Self-supervised learning improves robustness of deep learning lung tumor segmentation to CT imaging differences

Self-supervised learning (SSL) is an approach to extract useful feature representations from unlabeled data, and enable fine-tuning on downstream tasks with limited labeled examples. Self-pretraining is a SSL approach that uses the curated task dataset for both pretraining the networks and fine-tuning them. Availability of large, diverse, and uncurated public medical image sets provides the opportunity to apply SSL in the "wild" and potentially extract features robust to imaging variations. However, the benefit of wild- vs self-pretraining has not been studied for medical image analysis. In this paper, we compare robustness of wild versus self-pretrained transformer (vision transformer [ViT] and hierarchical shifted window [Swin]) models to computed tomography (CT) imaging differences for non-small cell lung cancer (NSCLC) segmentation. Wild-pretrained Swin models outperformed self-pretrained Swin for the various imaging acquisitions. ViT resulted in similar accuracy for both wild- and self-pretrained models. Masked image prediction pretext task that forces networks to learn the local structure resulted in higher accuracy compared to contrastive task that models global image information. Wild-pretrained models resulted in higher feature reuse at the lower level layers and feature differentiation close to output layer after fine-tuning. Hence, we conclude: Wild-pretrained networks were more robust to analyzed CT imaging differences for lung tumor segmentation than self-pretrained methods. Swin architecture benefited from such pretraining more than ViT.
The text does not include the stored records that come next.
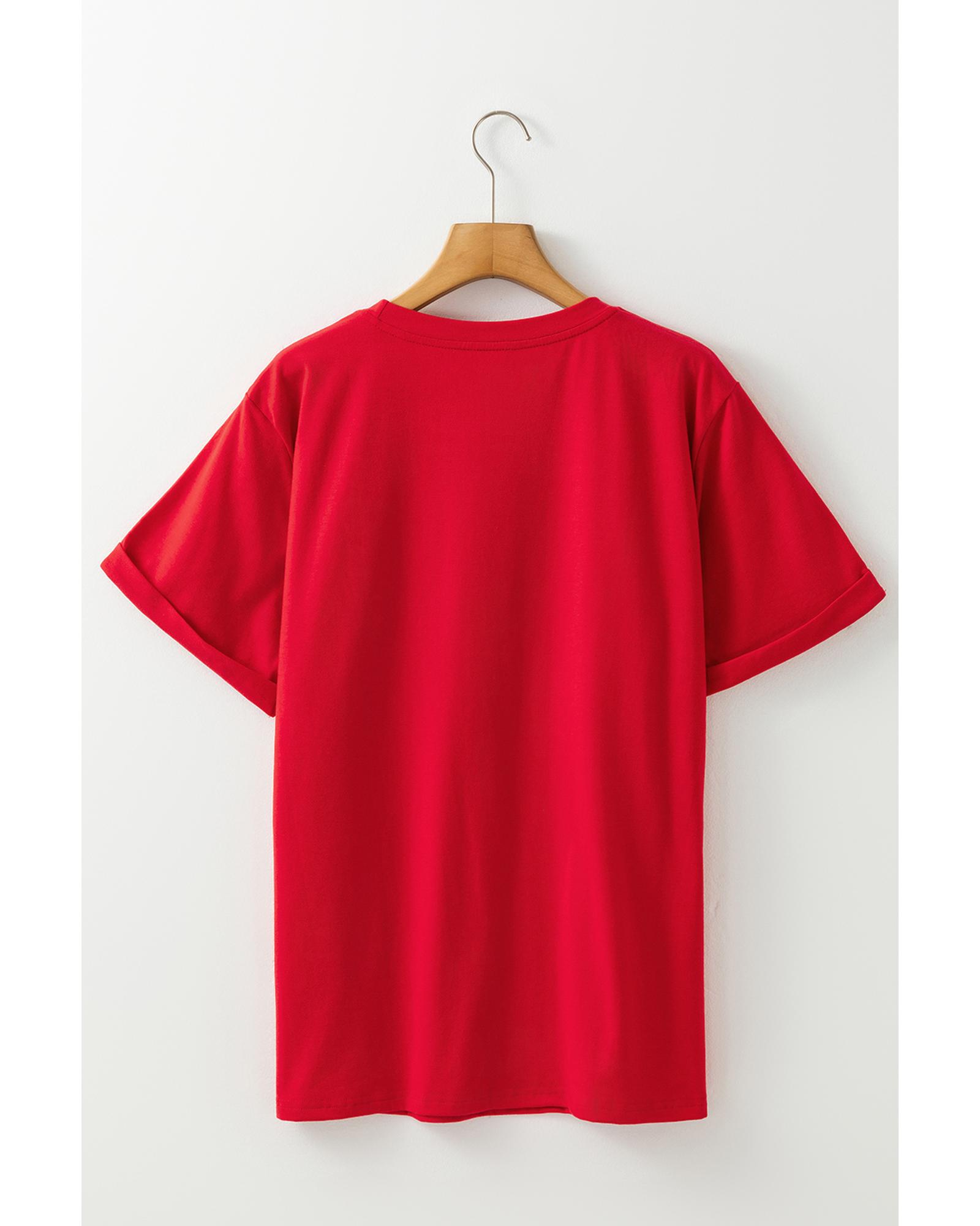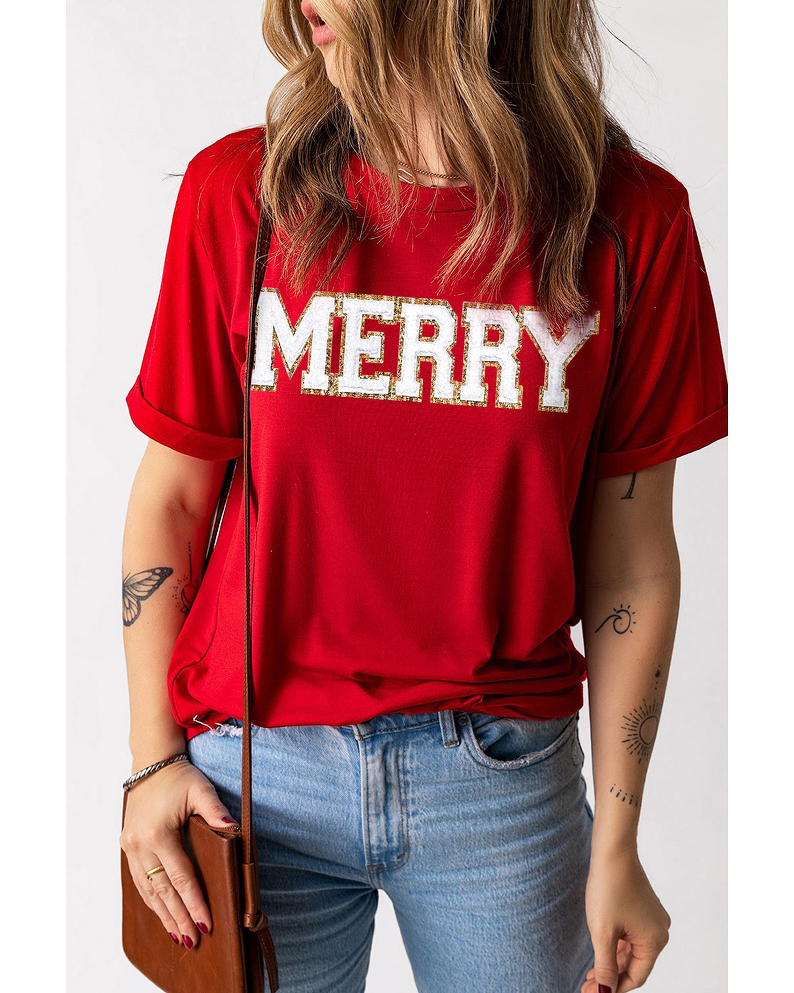 Red Christmas MERRY Graphic Cuffed Sleeve T Shirt – L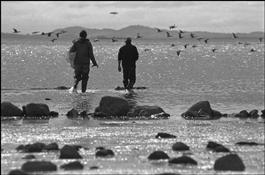 Northern Ireland. Down. Strangford Lough. Wardens go to lay...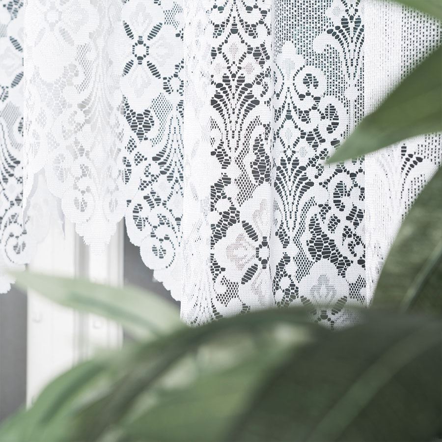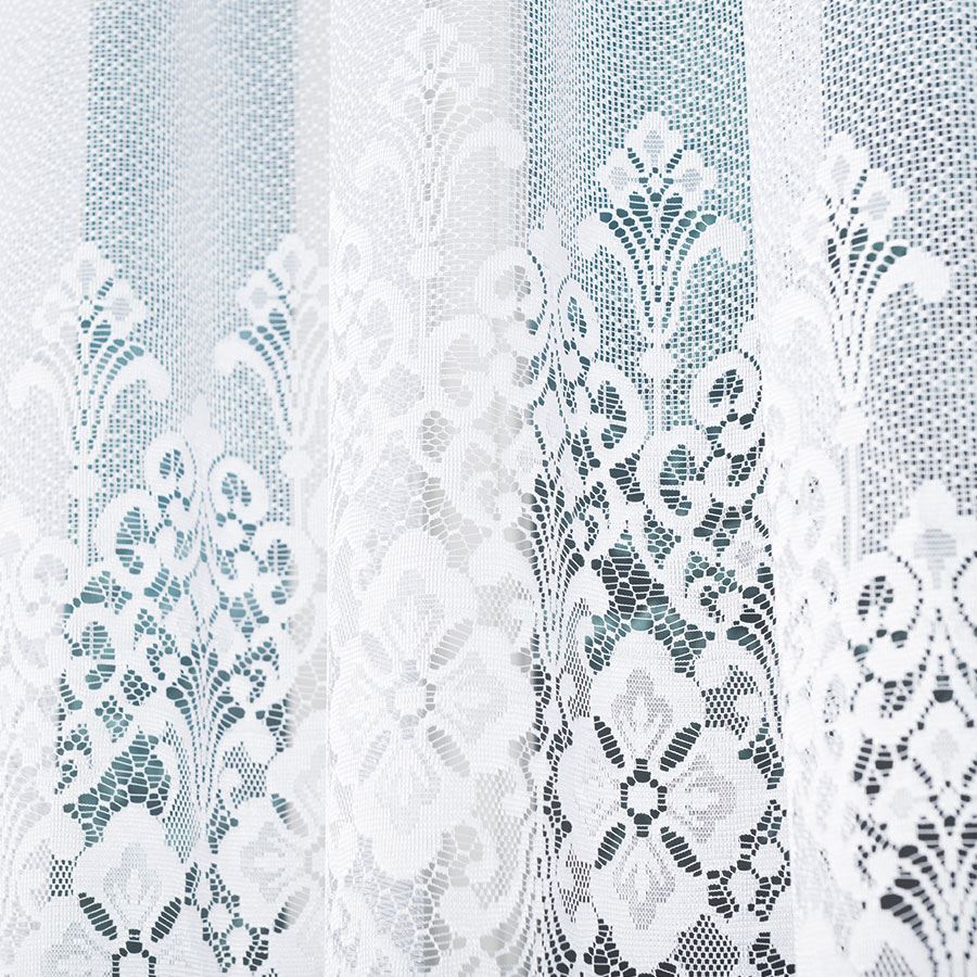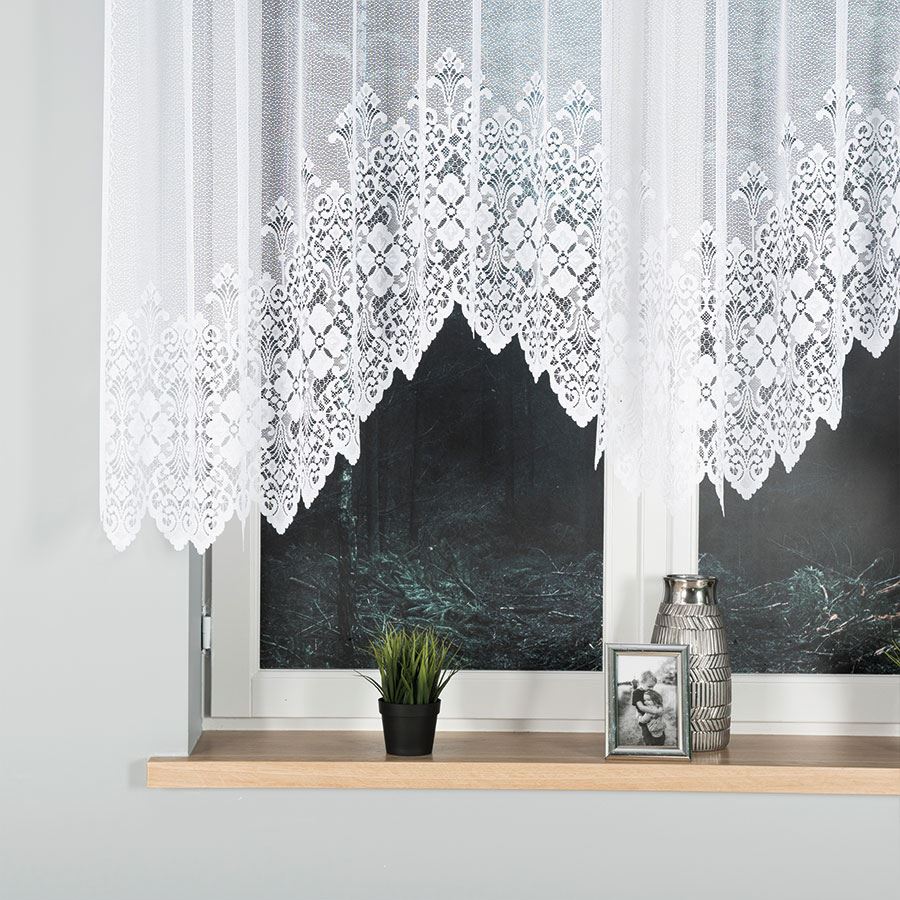 Nadia firanka żakardowa w kolorze białym jest zdobiona geometryczno-roślinnym wzorem. Posiada łukowe wykończenie dołu i taśmę marszczącą ułatwiającą zawieszenie ponadto jest lekka i przejrzysta, subtelnie rozprasza światło, nadając wnętrzu klasyczny charakter. Idealna do kuchni, jadalni lub salonu.

翻译：自监督学习（SSL）是一种从无标注数据中提取有用特征表示的方法，并能通过有限标注样本在下游任务上进行微调。自预训练是一种SSL方法，它使用精心整理的任务数据集同时进行网络预训练和微调。大规模、多样化且未经过整理的公开医学影像数据集为在"野生"环境中应用SSL提供了机会，并有可能提取出对成像变异具有鲁棒性的特征。然而，在医学图像分析领域，野生预训练与自预训练各自的优势尚未得到系统研究。本文比较了野生预训练与自预训练的Transformer模型（视觉Transformer [ViT] 和层次化滑动窗口 [Swin]）在非小细胞肺癌（NSCLC）分割中对计算机断层扫描（CT）成像差异的鲁棒性。实验表明：针对不同成像采集方式，野生预训练的Swin模型表现优于自预训练Swin模型；ViT在野生预训练与自预训练模型中均获得相近的准确率。强制网络学习局部结构的掩码图像预测 pretext 任务，其准确率高于建模全局图像信息的对比学习任务。经过微调后，野生预训练模型在低层网络层具有更高的特征复用率，并在输出层附近呈现更强的特征区分性。因此我们得出结论：在肺肿瘤分割任务中，野生预训练网络对CT成像差异的鲁棒性优于自预训练方法。Swin架构从该类预训练中获得的收益高于ViT。